Work instructions
Write out every entry precisely as given, leaving the pictures out.

Task data Start Marker

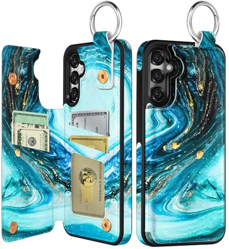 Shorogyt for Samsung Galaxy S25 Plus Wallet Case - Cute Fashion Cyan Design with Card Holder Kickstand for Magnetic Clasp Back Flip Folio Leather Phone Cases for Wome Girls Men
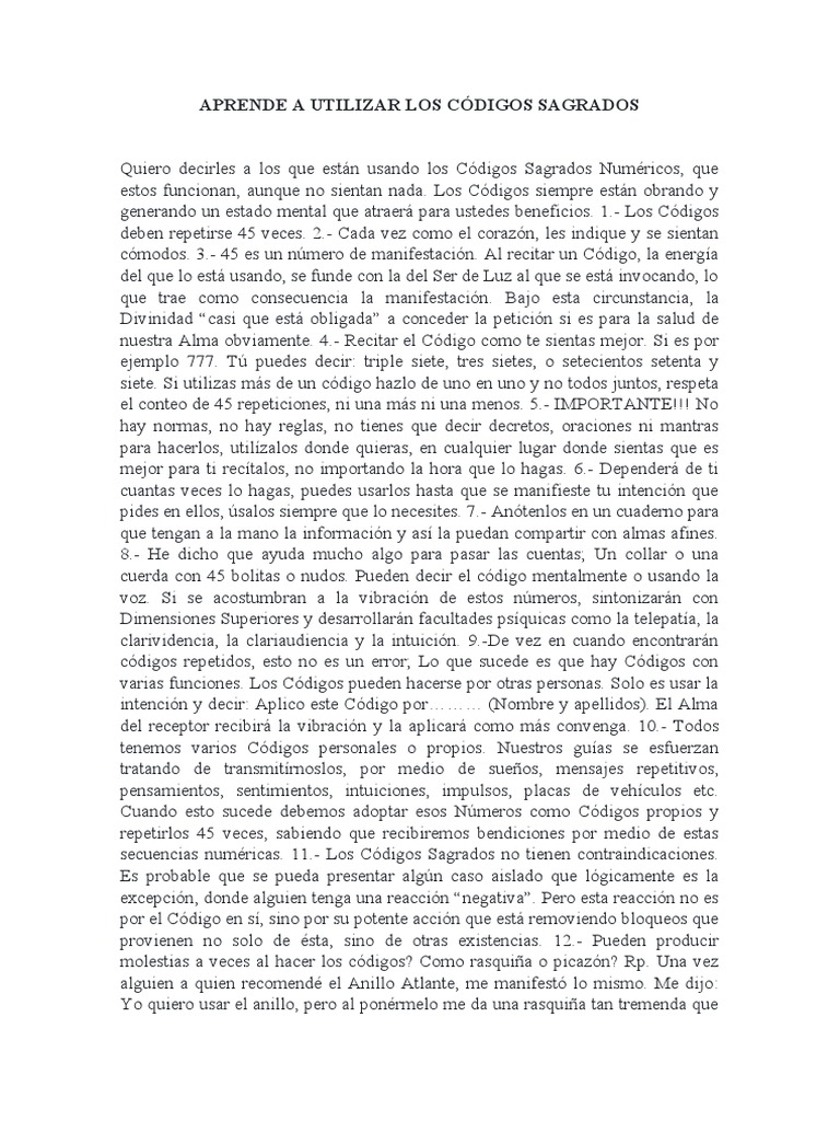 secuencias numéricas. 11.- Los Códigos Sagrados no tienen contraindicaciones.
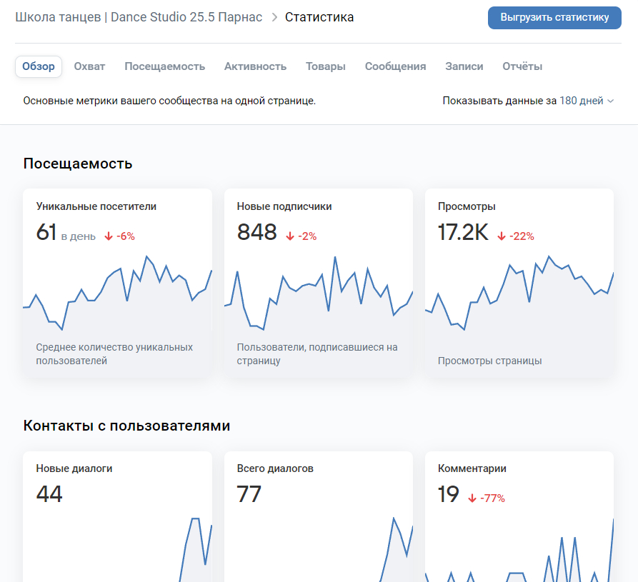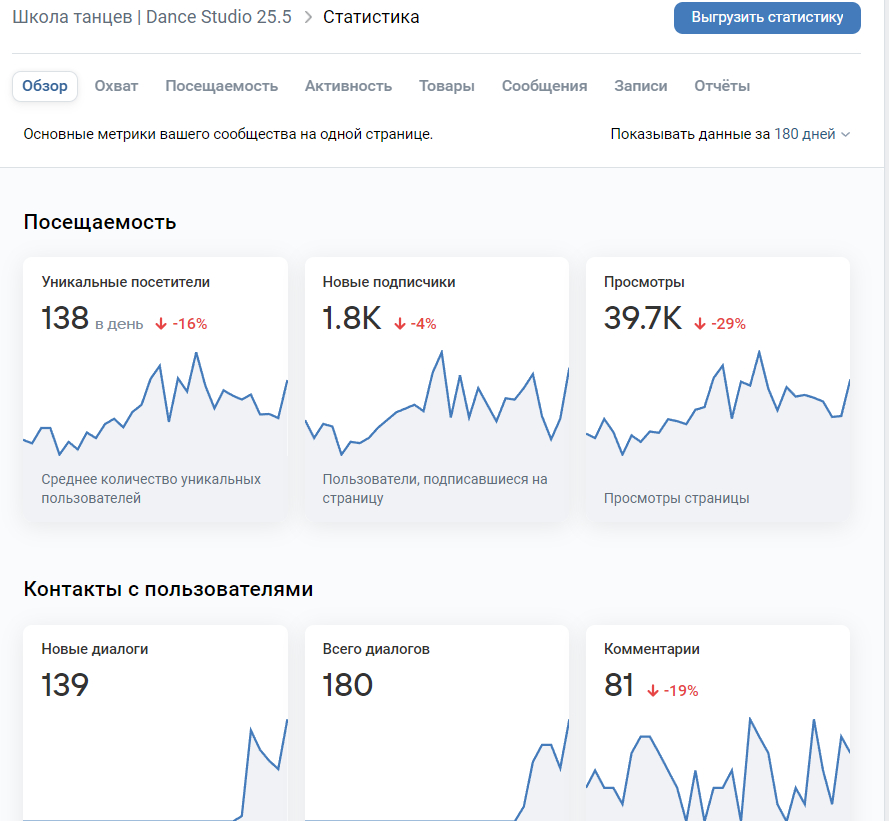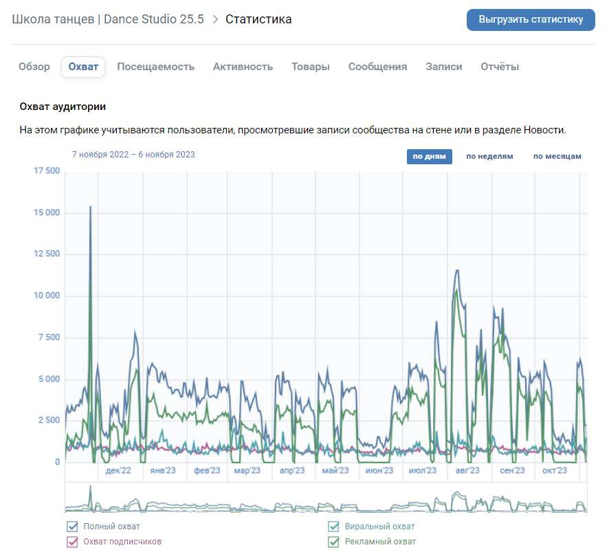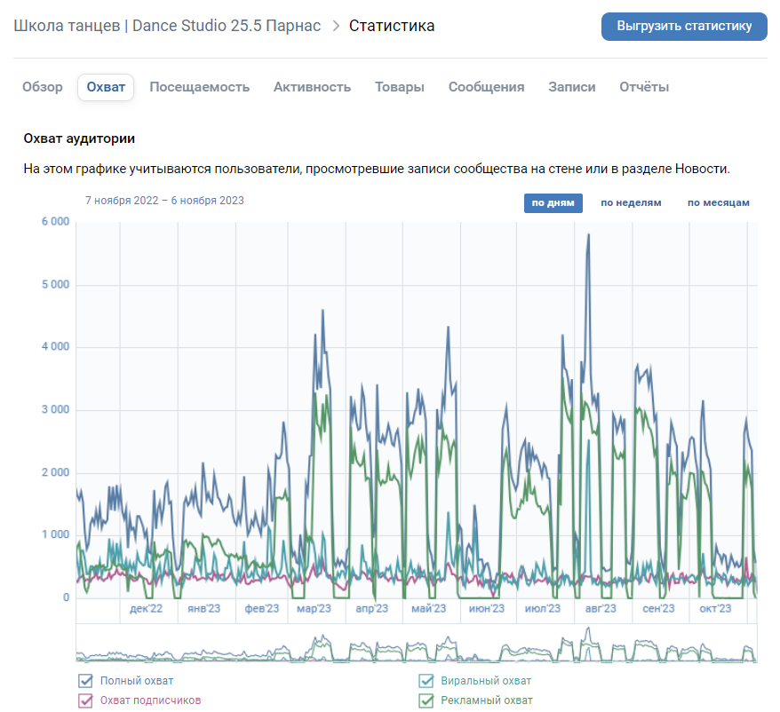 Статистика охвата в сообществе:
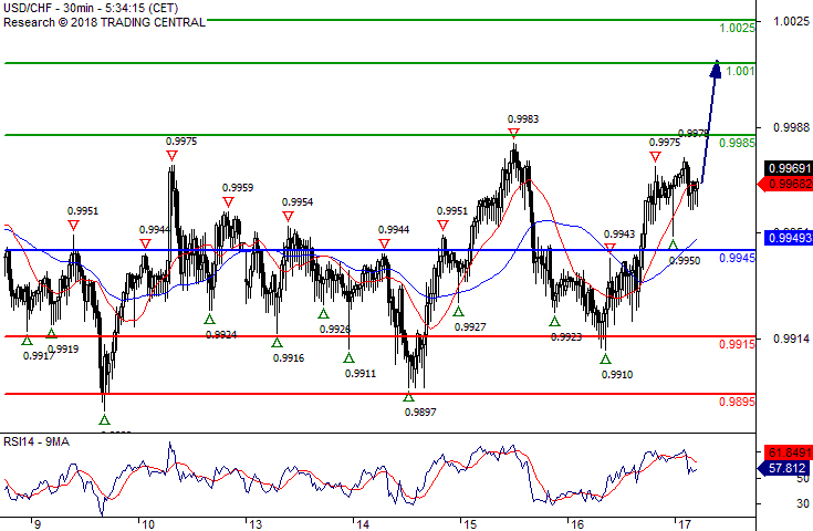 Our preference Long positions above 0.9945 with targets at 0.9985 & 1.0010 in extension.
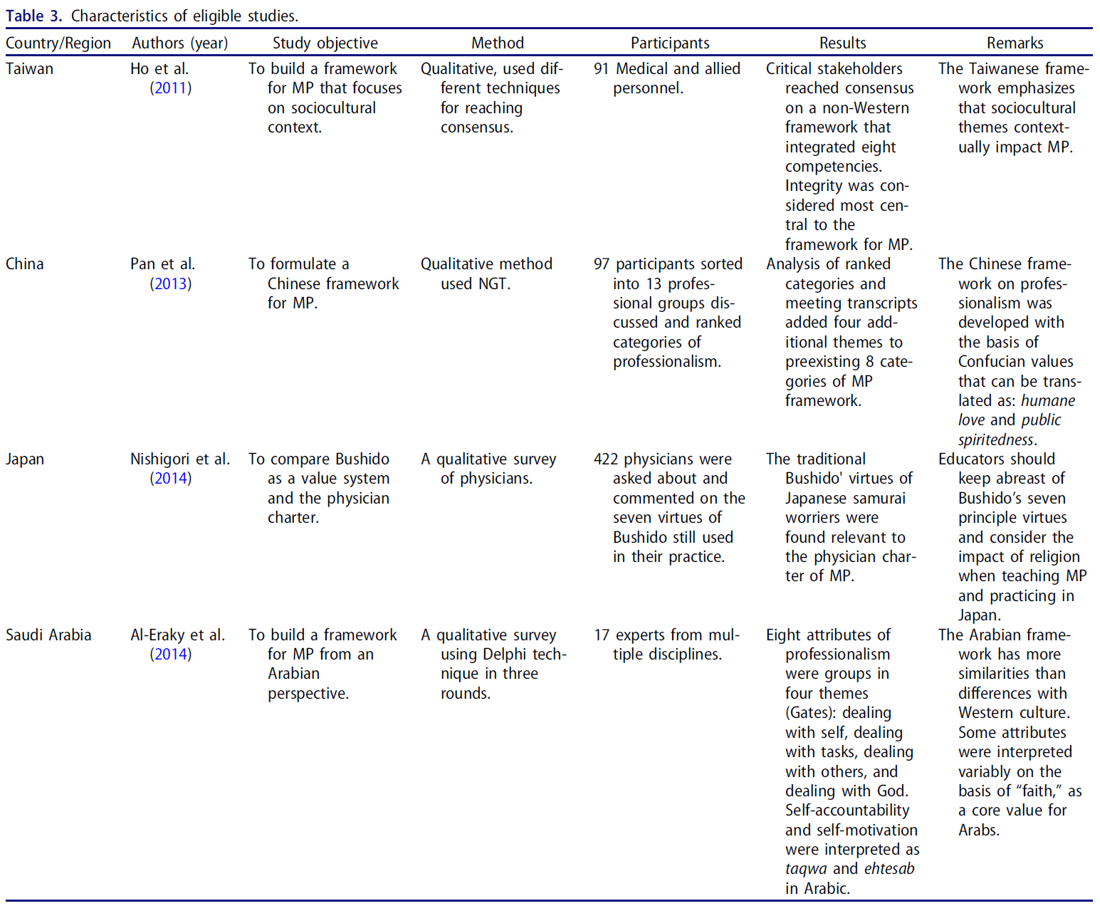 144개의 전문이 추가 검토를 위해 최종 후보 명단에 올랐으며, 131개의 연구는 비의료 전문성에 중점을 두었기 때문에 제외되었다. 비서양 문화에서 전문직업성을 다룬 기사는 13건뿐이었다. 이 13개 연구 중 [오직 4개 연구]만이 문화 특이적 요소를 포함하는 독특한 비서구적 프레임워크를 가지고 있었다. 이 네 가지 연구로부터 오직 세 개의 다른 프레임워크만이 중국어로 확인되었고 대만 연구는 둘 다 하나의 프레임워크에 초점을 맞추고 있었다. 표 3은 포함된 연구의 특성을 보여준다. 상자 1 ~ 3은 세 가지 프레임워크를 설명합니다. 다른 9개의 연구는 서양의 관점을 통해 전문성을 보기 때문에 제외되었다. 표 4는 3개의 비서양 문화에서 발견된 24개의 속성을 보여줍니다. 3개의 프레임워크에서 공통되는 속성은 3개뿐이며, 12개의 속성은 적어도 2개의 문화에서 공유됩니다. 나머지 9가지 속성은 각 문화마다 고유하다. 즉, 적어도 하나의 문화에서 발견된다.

Task data End Marker

Exercise output
 Shorogyt for Samsung Galaxy S25 Plus Wallet Case - Cute Fashion Cyan Design with Card Holder Kickstand for Magnetic Clasp Back Flip Folio Leather Phone Cases for Wome Girls Men
 secuencias numéricas. 11.- Los Códigos Sagrados no tienen contraindicaciones.
 Статистика охвата в сообществе:
 Our preference Long positions above 0.9945 with targets at 0.9985 & 1.0010 in extension.
 144개의 전문이 추가 검토를 위해 최종 후보 명단에 올랐으며, 131개의 연구는 비의료 전문성에 중점을 두었기 때문에 제외되었다. 비서양 문화에서 전문직업성을 다룬 기사는 13건뿐이었다. 이 13개 연구 중 [오직 4개 연구]만이 문화 특이적 요소를 포함하는 독특한 비서구적 프레임워크를 가지고 있었다. 이 네 가지 연구로부터 오직 세 개의 다른 프레임워크만이 중국어로 확인되었고 대만 연구는 둘 다 하나의 프레임워크에 초점을 맞추고 있었다. 표 3은 포함된 연구의 특성을 보여준다. 상자 1 ~ 3은 세 가지 프레임워크를 설명합니다. 다른 9개의 연구는 서양의 관점을 통해 전문성을 보기 때문에 제외되었다. 표 4는 3개의 비서양 문화에서 발견된 24개의 속성을 보여줍니다. 3개의 프레임워크에서 공통되는 속성은 3개뿐이며, 12개의 속성은 적어도 2개의 문화에서 공유됩니다. 나머지 9가지 속성은 각 문화마다 고유하다. 즉, 적어도 하나의 문화에서 발견된다.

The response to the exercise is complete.